Western blotting was utilized to detect the expression of PI3K/Akt pathway proteins, aiming to elucidate the potential mechanism underlying the promotion of axonal regeneration. The expression levels of PI3K/Akt protein were significantly upregulated in IRFV-treated, H₂O₂-pre-stimulated PC12 cells (p < 0.05), while a notable reduction was observed in the expression of PI3K/Akt protein following the application of LY294002 (p < 0.05), indicating effective inhibition of the PI3K/Akt signaling pathway (Figures 5A–C). These results imply that IRFV may promote axonal regeneration in PC12 cells by activating the PI3K/Akt signaling pathway.

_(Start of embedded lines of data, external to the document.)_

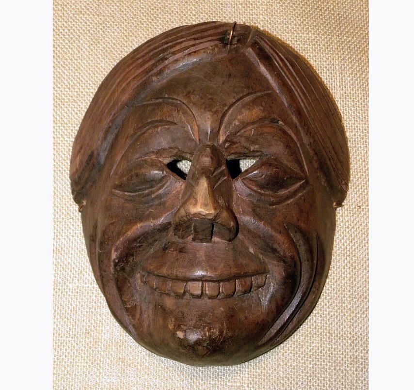 A life-sized circular wood mask depicting a woman. The hair is cropped and decorated with incised lines. There are two carved eyes on either side of triangular cutout eyeholes for the wearer. There are incised lines around the eyes and on the forehead to mimic wrinkles. The hooked nose is above a grinning mouth with a row of large teeth. There are prominent laugh lines. A wire is attached to the back of the mask. The mask is in excellent condition except for some minor scratches.Context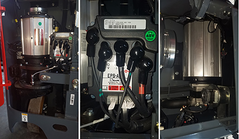 - Toàn bộ hệ thống di chuyển, nâng hạ và hệ thống lái trên xe nâng điện Reach truck được dẫn động bằng motor điện xoay chiều AC ba pha với công suất 5 kW cho khả năng tăng tốc mạnh mẽ, thay đổi hướng đi nhẹ nhàng và nhanh chóng.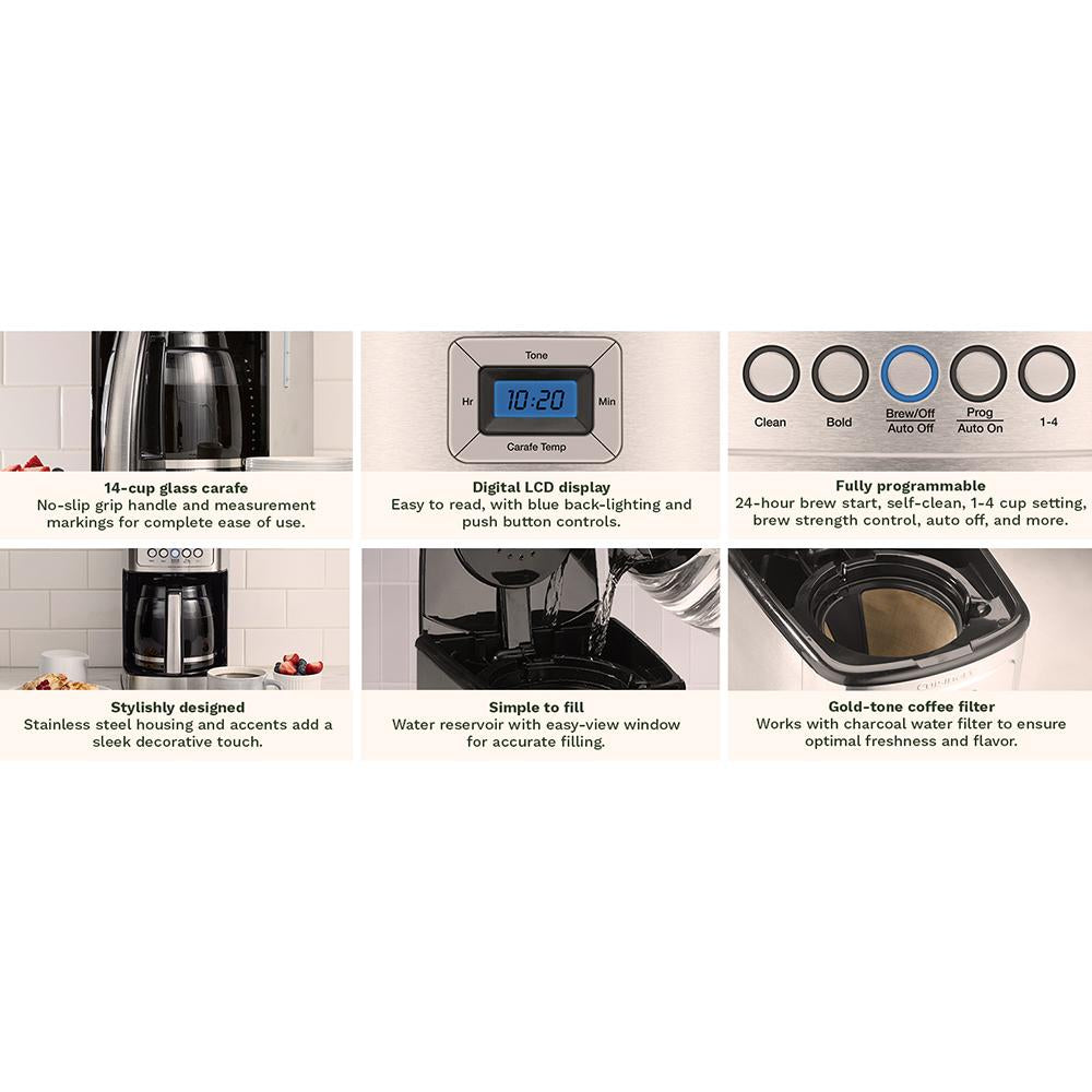 - The Cuisinart 14-Cup Programmable Coffeemaker is equipped with cutting edge coffee technology to give you hotter coffee without sacrificing taste. Choose a flavor profile with regular or bold strength control, and set brew-time up to 24-hours ahead.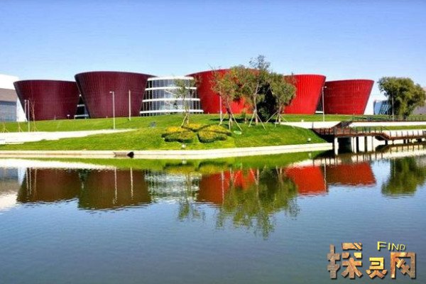 山西太原博物馆是文化岛大平台广场上的标志性建筑之一,主体部分由5个相对独立又相互连通的椭圆倒锥体组合而成,其灵感来源于中国红灯笼。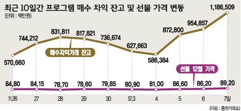 ▽이번 주 전망〓지난해 1월과 7월에도 1조4000억원과 1조2000억원의 프로그램매수 금액이 쌓인 적이 있었다. 그러나 당시에는 선물 만기일이 2개월 정도 남아 있어 청산도 천천히 이뤄져 큰 충격이 없었다. 그러나 1조2000억원을 쌓아두고 만기일 주간을 맞은 적은 이번 주가 처음이다.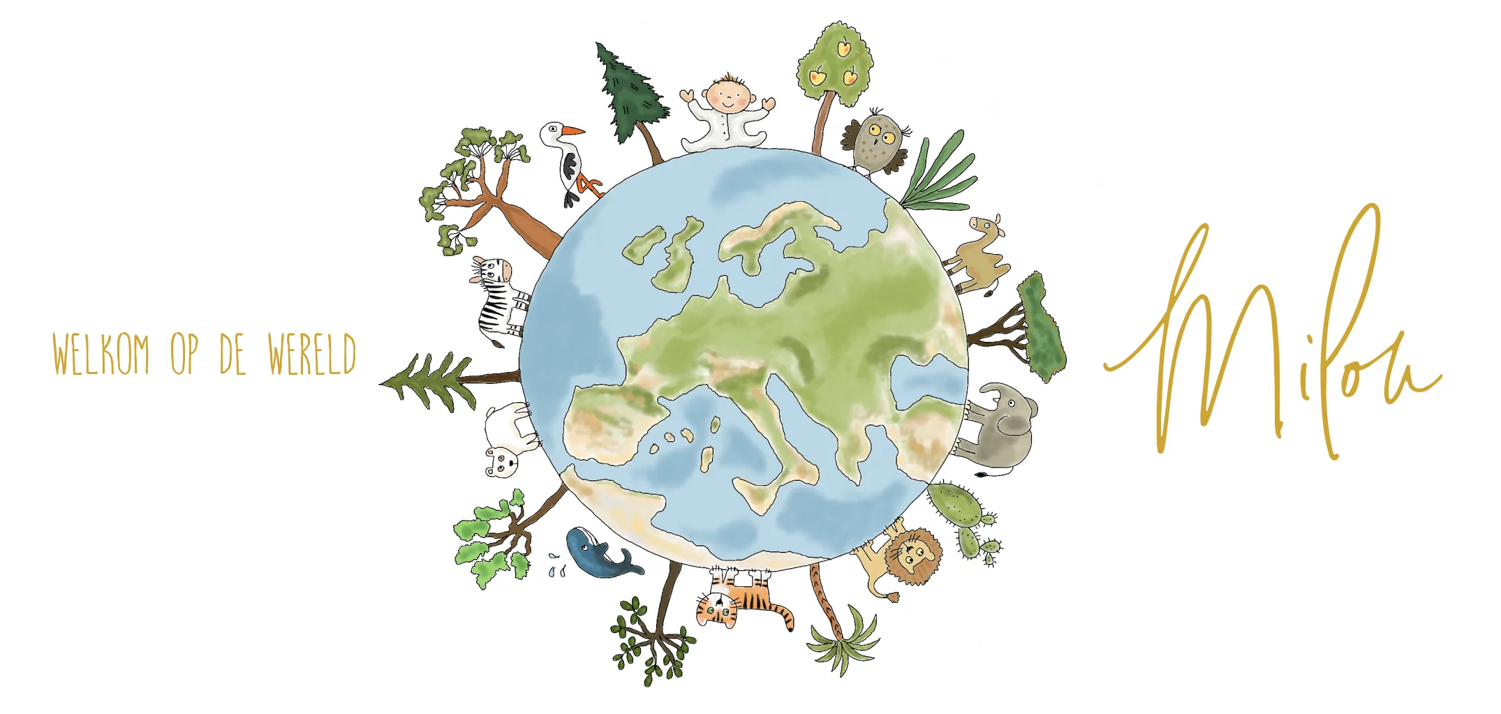 Een leuk getekend geboortekaartje op trendy formaat voor een meisje met wereldbol, baby, planten en dieren. (21064)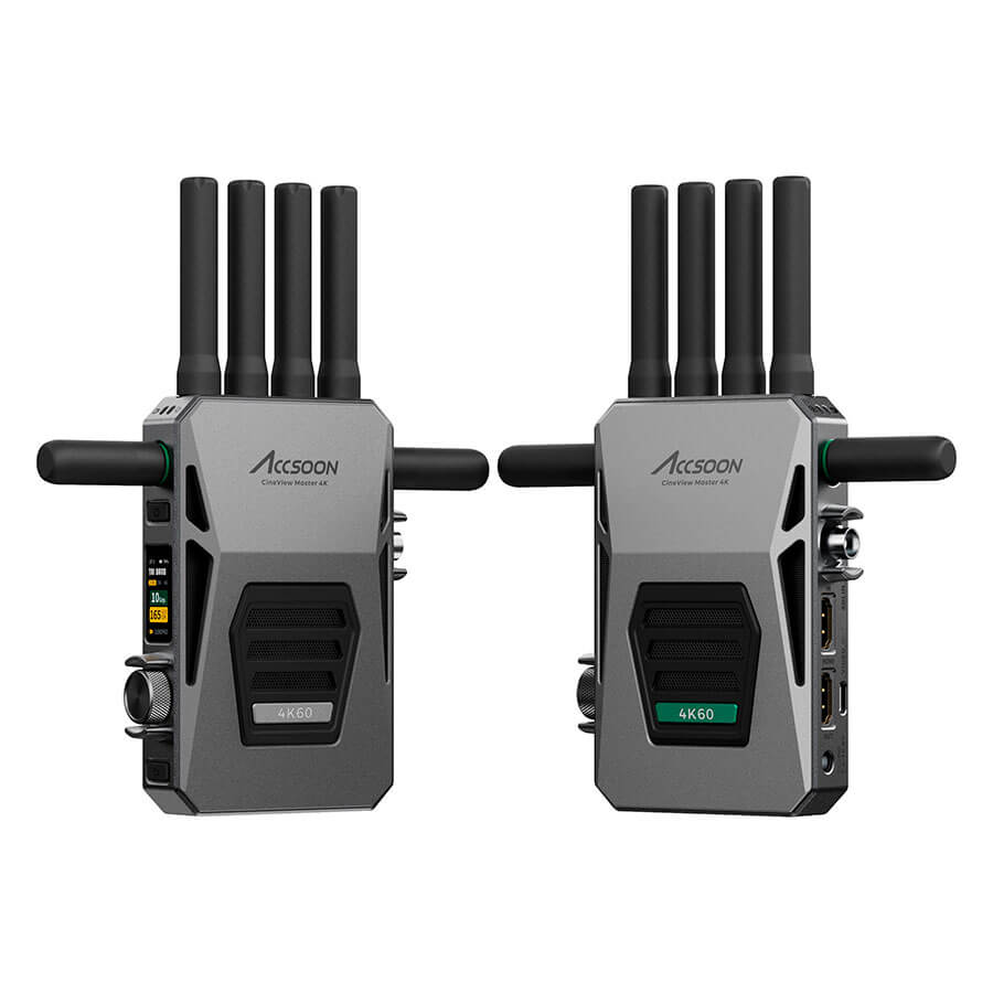 O sistema de transmissão de vídeo sem fio CineView Master 4K SDI/HDMI da Accsoon, facilita a transmissão de vídeo UHD 4K sem fio, com interface de usuário aprimorada e maior alcance em comparação aos modelos anteriores. Envie vídeo UHD 4K60 até 2,5 km do transmissor para a unidade receptora com apenas 35 ms de atraso. As conexões com fio no receptor incluem portas de saída 3G-SDI e HDMI. As conexões com fio no transmissor incluem portas de entrada 3G-SDI e HDMI, saída em loop HDMI e saída de vídeo USB-C para seus dispositivos iOS.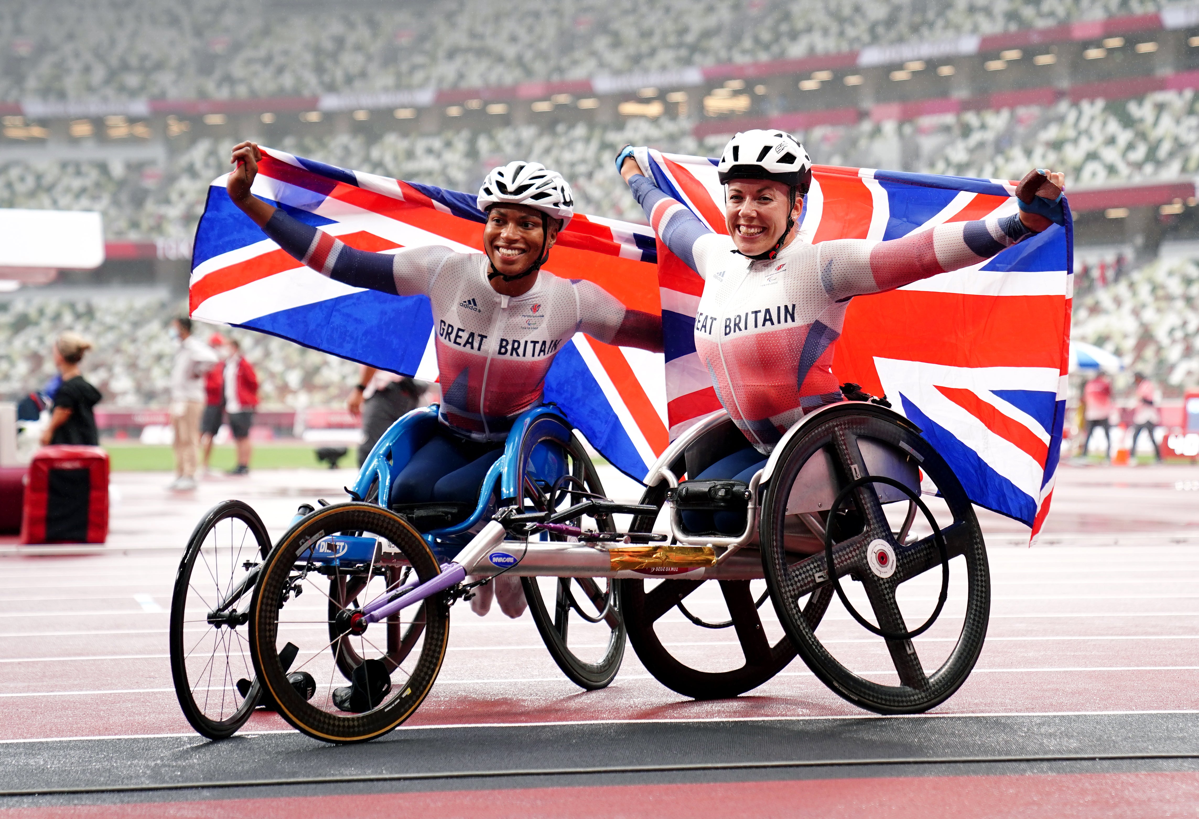 Her boyfriend, fellow GB athlete Nathan Maguire – winner of a silver in Friday’s 4x100m universal relay – failed to make it past the heats of the men’s T54 800m, a race won by 10-time world champion Marcel Hug, who collaborated with Swiss engineers to design his chair.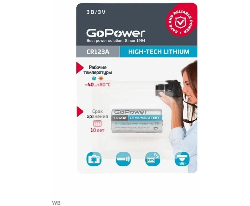 GOPOWER Элемент питания (батарейка литиевая) CR123A BL1 3V 00-00018324 1500MAH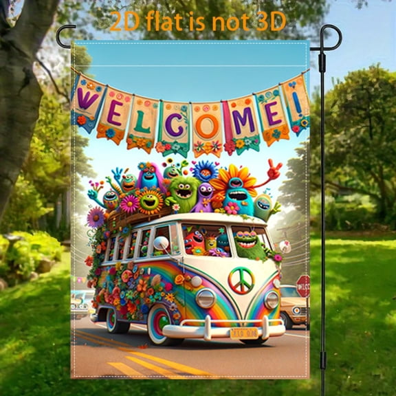 current price $7.992D plane, 1 2D plane Monster Bus welcome theme flag courtyard, vertical double-sided garden decoration of the flag, Monster Bus welcome garden flag, indoor and outdoor decoration trend theme 12x18 in

Rats with SCI treated with IRFV were administered LY294002 via intraperitoneal injection. Western blot analysis of PI3K/Akt signaling pathway proteins in the rat spinal cord revealed that post-IRFV treatment, the expression of these proteins was significantly upregulated (p < 0.05), indicating activation of PI3K/Akt signaling pathway. After the intraperitoneal injection of LY294002, a significant decrease in the expression of PI3K/Akt signaling pathway proteins was observed in the rat spinal cord, suggesting effective inhibition of the PI3K/Akt pathway (Figures 6A,C–D). Immunofluorescence and Western blot analyses demonstrated that IRFV treatment significantly elevated the protein expression of NF200 and GAP43 in the spinal cord of the SCI rats, whereas LY294002 administration via intraperitoneal injection markedly reduced their expression (Figures 6A–D). Nissl and LFB staining results indicated that intraperitoneal administration of LY294002 reversed IRFV’s effects on increasing the number of Nissl bodies (p < 0.001) and ameliorating demyelination (p < 0.001) (Figures 6E,F). Behavioral assessments also revealed that intraperitoneal administration of LY294002 led to a significant reduction in motor function compared to IRFV-treated rats (Figure 6G). These findings demonstrate that the inhibition of the PI3K/Akt signaling pathway reverses IRFV’s effect on promoting axonal regeneration in SCI rats, further suggesting that IRFV promotes axonal regeneration by activating the PI3K/Akt pathway.